這個時候的沈浪也是穿著了一身軍裝,這個狀況可是有些不多見,因為沈浪是很少穿著軍裝露面的,肩膀上面的上校軍銜跟沈浪的臉龐多少顯得有些不太相配,看起來給人的感覺沈浪有些過於的年輕了,但是有些東西不是排輩論資的,其實在有些人的感覺看來,就給沈浪掛了一個上校的軍銜,實在是有些低了。
不過這一次沈浪並不是一個人來的,但是總的說來人數也不是想像當中的那麼多,來到了這裡以後沈浪一行人受到了熱烈的歡迎,所有調查組人員的目光都是放在了沈浪的身上,因為他是頭頭,所有的一切都是以他為主。沈浪這個時候倒是表現的很含蓄,並沒有拿出來自己以往的強硬的作風來,至少沒有讓這裡的人表示的過於難堪。
這個就已經很是了不得了,要知道以往的時候沈浪不給面子的時候太多了,但沈浪也就是給了這個面子罷了,簡單的吃過了接風宴,沈浪他們就開始了案件的調查。以往的時候沈浪也幹過這個方面的事情,但是那個時候基本上都是跟仕途方面有著主要的關係,跟部隊這邊的關係只是捎帶而已,現在則是不一樣了。
先前的時候就已經有過了這個方面的調查,沈浪也是拿起來卷宗看了看,隨即讓下面的人開始分工,而自己則是帶上了勤務兵聶軍直奔醫院而去,而師裡面的人在得知沈浪要去醫院的時候,也是趕緊找了師政委過來,沈浪並沒有要求太多的人,一輛車四個人,聶軍坐在了副駕駛的位置上面,沈浪和那位師政委坐在後面。
本來上車以後這位師政委還想跟沈浪說點什麼,要知道他可是正師級別,大校軍銜,要是放在平時的時候沈浪這個上校還真的就不入他的法眼,但是奈何這位可是從上面下來的,而且這一次來的目的就是為了他們的這個事情,這個不能不讓他感覺緊張。更何況這個年輕有些不太像話的傢伙神情很是陰冷,淡淡的看了自己一眼,自己的眼睛都有一種要被割破的感覺,甚至背著不注意的時候,自己也是擦拭了一下眼睛。
那個眼神銳利的跟刀子一樣,太駭人了,看的讓自己很是不舒服,所以一路上面也是無話,沈浪他們來的地方是武警總院,沈浪來的有些突然,又有些晚,醫院的領導都該幹嘛去幹嘛了,基本上大頭頭們都不在。
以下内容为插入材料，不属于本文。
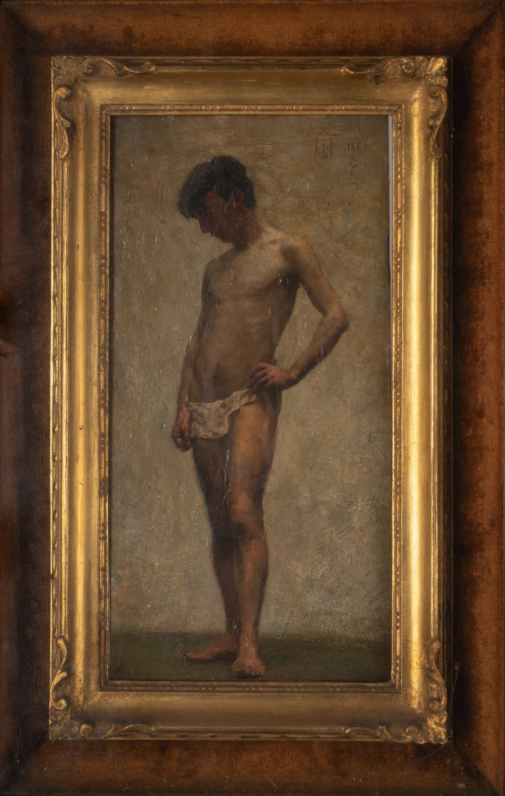 FAVRETTO GIACOMO (1849 - 1887) Nudo virile. Olio su tavola. Cm 17,00 x 33,00. Firmato e datato 1868 in alto a destra. Cornice presente

雖然頭頭們不在,但是下面的這些人值班人員也不都是什麼傻子,一個大校跟一個上校來到了這裡,就算是不知道情況的也明白這些人來頭不小,很快這個電話也是打到了各位頭頭的手機上面,不過下面的這些醫生也是有那麼一些怪異的感覺,就三個人,一個大校、一個上校帶著一個士官,這個人馬貌似有點少呀!至少派頭不夠。
來到了病房的時候,沈浪率先的敲了一下門,隨後才推門走了進來,倒是房間裡面的人看見進來的人臉色也是一變,沈浪進來的時候才發現房間裡面的人還真的不少,先是對病床上面的那個人打了一個敬禮,然後接過了聶軍手裡面的東西,輕輕的放置在了床頭柜上面。
對於房間裡面的其他人表示的敵意,沈浪並沒有放在心上,等東西都放置好了以後沈浪也是站在了那裡,倒是站在旁邊的師政委張雲英介紹的說道,「這位是沈浪沈上校,特意的過來看望受傷的公安戰士陶國宜!」要知道在房間裡面的這些人也不是什麼傻子,能讓一位大校這麼謹慎介紹的肯定不是尋常人,更何況有人已經注意到了沈浪的臂章,這個時候原來坐著的人幾乎全部的都站了起來。
沈浪轉頭看了一下張雲英,然後淡淡的說道,「我能夠跟病人、以及病人的家屬和領導單獨的談一談嗎?」既然給了這個台階,那就別給自己找事了,張雲英也是率先的走了出去,房間裡面的大多數也是走了出去,留下來的人並不是很多,其中一位便衣也是走了過來,「你好,我是市局刑警大隊一大隊副隊長,這兩位是陶國宜的姐姐和姐夫。」
大家相互的認識了一下,然後各自的落座,沈浪也是率先的表明了自己的態度,「我這一次來的目的很是明確,就是解決這個事情,我知道這個可能跟錢沒有什麼關係,但是給給予的療養費、精神損失費等等這些,還希望你們能夠接受,因為這個是病人應該得到的補償。同時對於這個事情的處理,我也一定會讓你們滿意!」
可以說沈浪的這個態度非常的好,不傲氣凌人,非常的和睦,「這個事情必須要解決,但是這裡面還有一個問題,就是當事人的身份。」看見面前幾個人的臉色有些不太對,沈浪就知道他們誤會了,所以也是緊接著的說道,「當事人的身份是軍人,所以有關他的事情不能夠像是你們想像的方式和途徑來解決,不過我可以保證,絕不姑息!我這一次來就是想要知道,你們還有其他的什麼要求沒有,只要是合情合理的,我一併給予解決。」
「沈上校,老陶是從基層一步步走上來的,也是我們的優秀幹警,現在已經一個多月了,腦袋到現在也是半清醒半迷糊的,從現在的結果來看就算是好了,恐怕也不能留在一線了,因為情況已經不允許了,家裡面的孩子孩子也是高三了,出了這樣的事情對於整個家庭來說,這個打擊是巨大的。」
沈浪點點頭,「我明白你們的苦楚,你們是工作在公安第一線的,苦點累點對於你們來說可能沒有什麼,但是受到了這麼大的委屈,確實非常的不應該,我也是本著解決問題來的,陶國宜就是第一把火,我需要燒好它!」這個話說的很是堅決。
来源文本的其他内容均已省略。